NPSはほかの指標と組み合わせながら使うとより役立つから、いろいろ試してみて欲しいな。
わかりました!!これで僕もNPSについて取引先企業に説明できそうです!
うんうん、よかった。最後に、NPSを測定するときの注意点を紹介するから、あわせて押さえておいてね。
NPSを測定するときの注意点

NPSの測定には注意点もあるので、それを理解したうえで活用することが肝心です。
調査方法で結果が変わる可能性がある
NPSの調査方法はシンプルでわかりやすいものですが、手法によって調査結果が変わる可能性があるため注意しましょう。
たとえば、「実名で回答する場合」と「匿名で回答する場合」、「過去半年以内に購入したお客さま」と「過去3年以内に購入したお客さま」では、NPSの結果は大きく変わることが予想されますよね。NPSの測定時はもちろんのこと、他社の結果と比較するときも測定方法の違いに気をつける必要があります。
日本人の特性的にスコアが低くなりやすい傾向にある
現時点でのNPSの測定方法ではアメリカにおける採点基準を採用しているため、日本人の感覚では低いスコアが出やすい点に注意しましょう。日本人の場合、0~10までで評価しようとすると5点を中間的な評価と捉えてしまいがちですが、NPSでは中立者の評価が7~8となります。

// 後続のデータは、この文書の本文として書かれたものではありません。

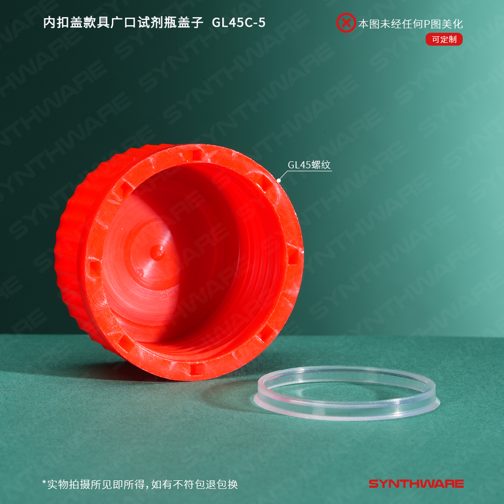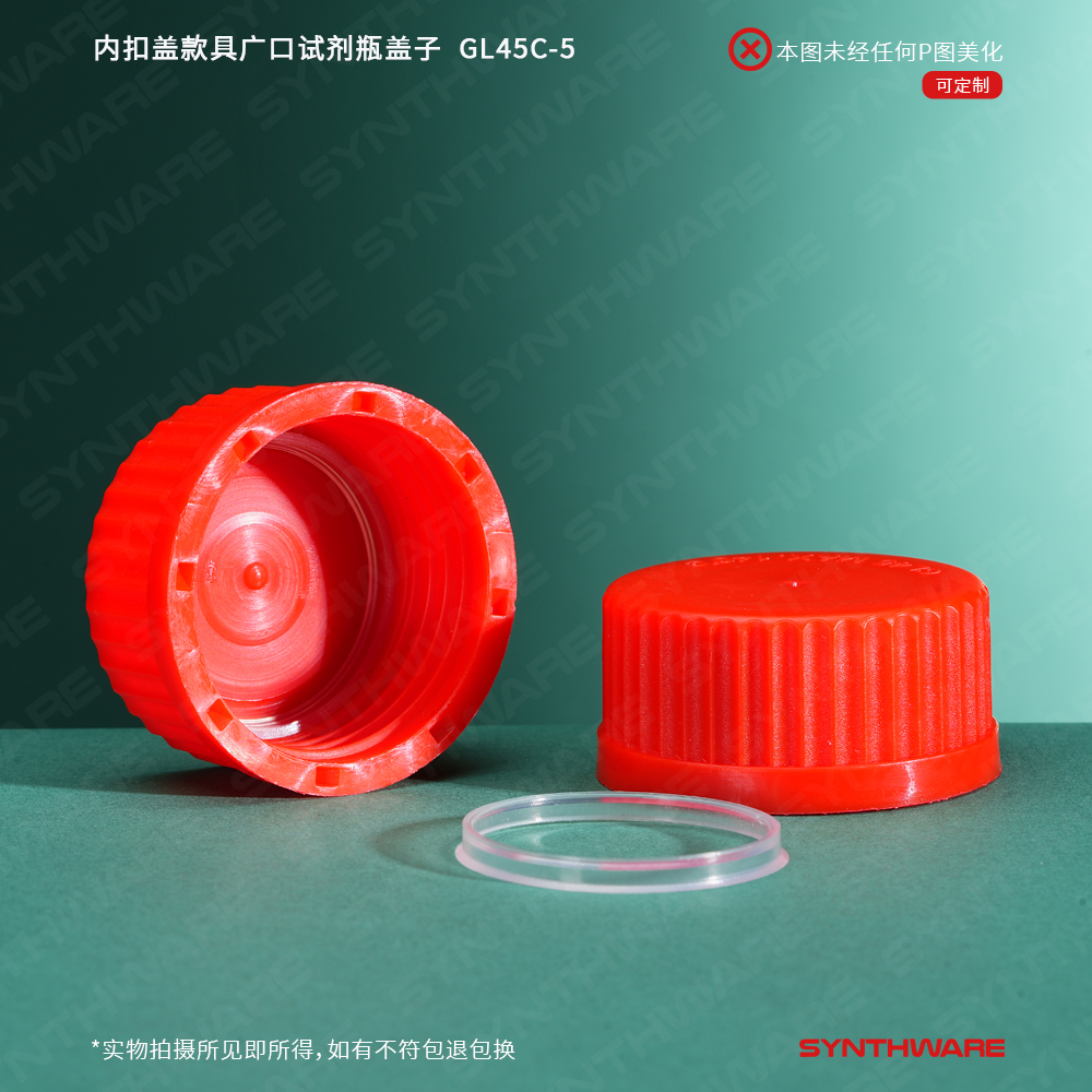 内扣盖款具广口试剂瓶盖子,PP材质,红色螺纹盖 含密封圈,5个/包 GL45C-5
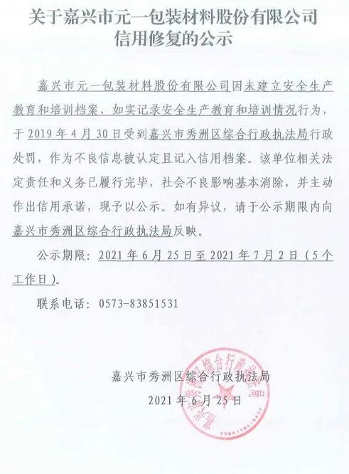 嘉興市元一包裝材料股份有限公司因未建立安全生產教育和培訓檔案,如實記錄安全生產教育和培訓情況行為,于2019年4月30日受到嘉興市秀洲區綜合行政執法局行政處罰,作為不良信息被認定且記入信用檔案。
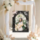 Welcome guests to your celebration in style with our Chic Floral Celestial Moon & Stars Quinceañera Acrylic Sign, featuring a custom photo layout framed in elegant celestial beauty. This design showcases your favorite photo within a graceful arched frame, enhanced by a regal Quinceañera tiara, ornate column elements, and soft overlay effects that beautifully complement the image. Delicate hand-drawn florals, twinkling stars, and a dreamy crescent moon bring a whimsical, celestial charm to the layout, while elegant script typography allows for full personalization with your name and event details. All set against a black background. Perfect for celestial, moonlight, or floral-themed Quinceañeras, this sign makes a stunning first impression and a cherished keepsake. Original hand-drawn illustration and design by © Moodthology Papery.
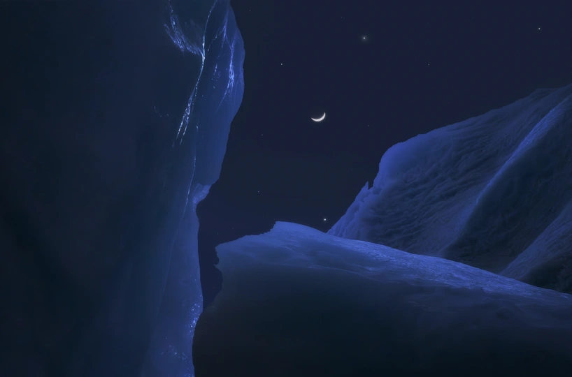 月光如薄纱倾泻,将千年寒冰浸染成通透的蓝宝石。冰纹是时光的刻痕,蜿蜒着地质世纪的密语;一钩新月与零星星尘低垂天际,与冰原共酿一场寂静的狂欢。此刻天地倒转——冰川是跌落的星空,夜空是融化的极冰,唯有风声在耳畔写下永恒的序章。
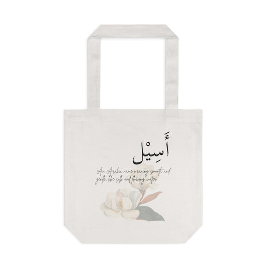 Elegant Arabic Cotton Tote Bag | Customizable Name Tote in Black or White
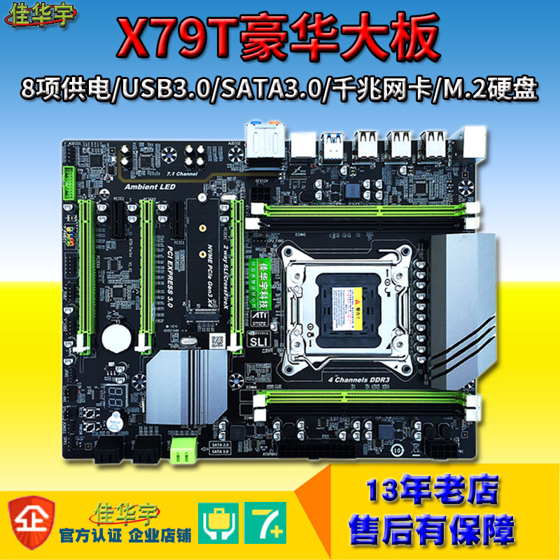 X79电脑主板2011针DDR3四通道大板M.2接口支持E5-26...

また、日本人は中間的な数値を選びやすい傾向があるため、ほかの国よりも数値が低くなりやすいという特徴があります。今後は、より日本人の特性に合ったNPSの測定方法を考えていく必要があるかもしれません。
わたしたち株式会社ゴンドラでは、
お客さまの課題に合わせたCRMソリューションを提供しています。
データ分析から戦略立案、その先の制作・運用までサポートできますので、
「なかなか初回購入から2回目の購入まで至らない・・・」
「既存顧客が離れていってしまう・・・」
既存顧客の育成にお悩みの方は、ぜひお気軽にご相談ください!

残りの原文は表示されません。